Shaun Bailey

Personal information
- Full name: Shaun Peter Bailey
- Born: 19 February 1990 (age 36) Norwich, Norfolk, England
- Nickname: Bud
- Batting: Right-handed
- Bowling: Right-arm fast-medium
- Role: Bowler

Domestic team information
- 2007–2009: Norfolk
- 2008: Northamptonshire (squad no. 28)

Career statistics
| Competition | First-class |
| Matches | 1 |
| Runs scored | 18 |
| Batting average | 9 |
| 100s/50s | 0/0 |
| Top score | 15 |
| Balls bowled | 156 |
| Wickets | 3 |
| Bowling average | 42.33 |
| 5 wickets in innings | 0 |
| 10 wickets in match | 0 |
| Best bowling | 2/119 |
| Catches/stumpings | 1/- |
- Source: CricInfo, 20 May 2022

= Shaun Bailey (cricketer) =

English cricketer

Shaun Peter Bailey (born 19 February 1990) is an English cricketer. He is a right-handed batsman and a right-arm medium-fast bowler who played for Northamptonshire.

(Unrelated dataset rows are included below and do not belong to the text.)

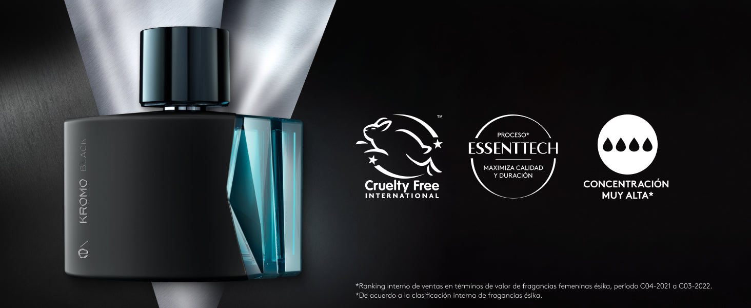 Kromo Black de Ésika es un perfume masculino oriental especiado creado para el hombre decidido y sofisticado que se reinventa constantemente para seguir avanzando.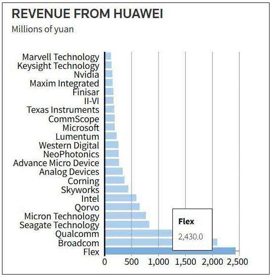 彭博社统计的数据显示,仅去年第三季度,伟创力就从华为获得了24.3亿元人民币的收入,是从华为获利最多的美国供应商,这部分收入约占其当季总营收的5%。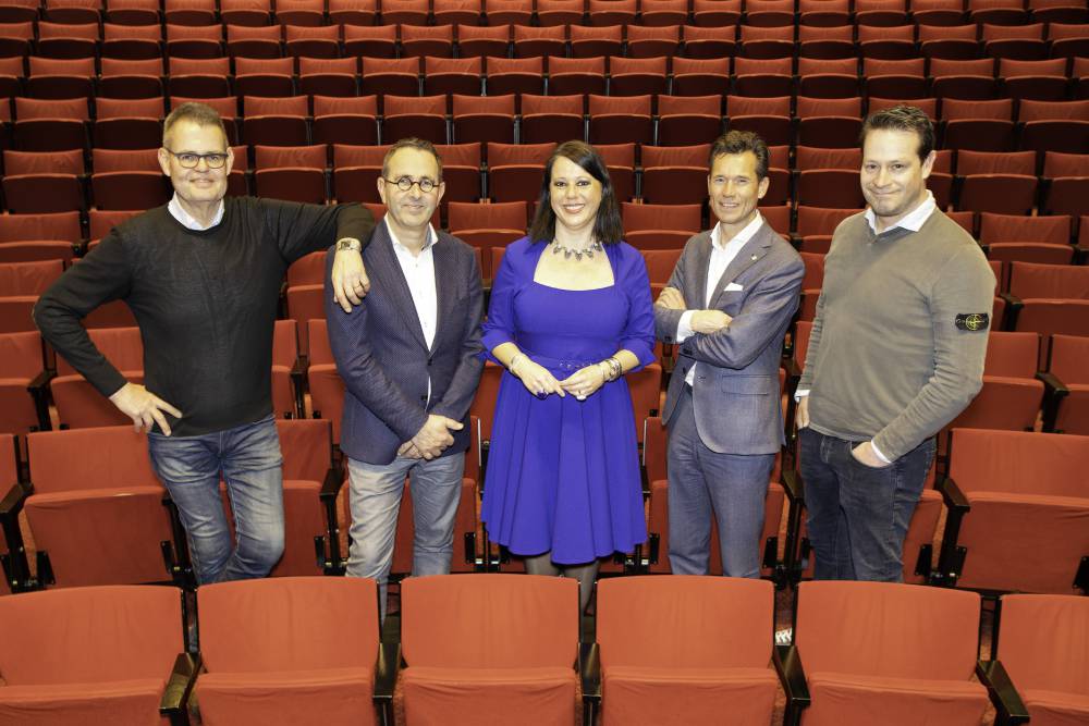 Foto v.l.n.r. : Henk Luiten (TheaterHotel De Oranjerie), Paul Franssen (Schouwburg Venray), Brigitte van Eck (Munttheater), Leon Thommassen (De Maaspoort Theater & Events), Dries Floris (DOK6 Theater).

Bailey was born at Norwich and made his cricketing debut in the East Anglian Premier Cricket League for Swardeston at the age of thirteen. He was educated at Hockham School and Wayland Community High School, first played for Northamptonshire's Second XI in the 2005 Second XI Championship. Following an appearance in the 2007 MCCA Trophy, Bailey made his only first-class appearance in 2008. After failing to break into the first team, he left Northamptonshire at the end of the 2009 season.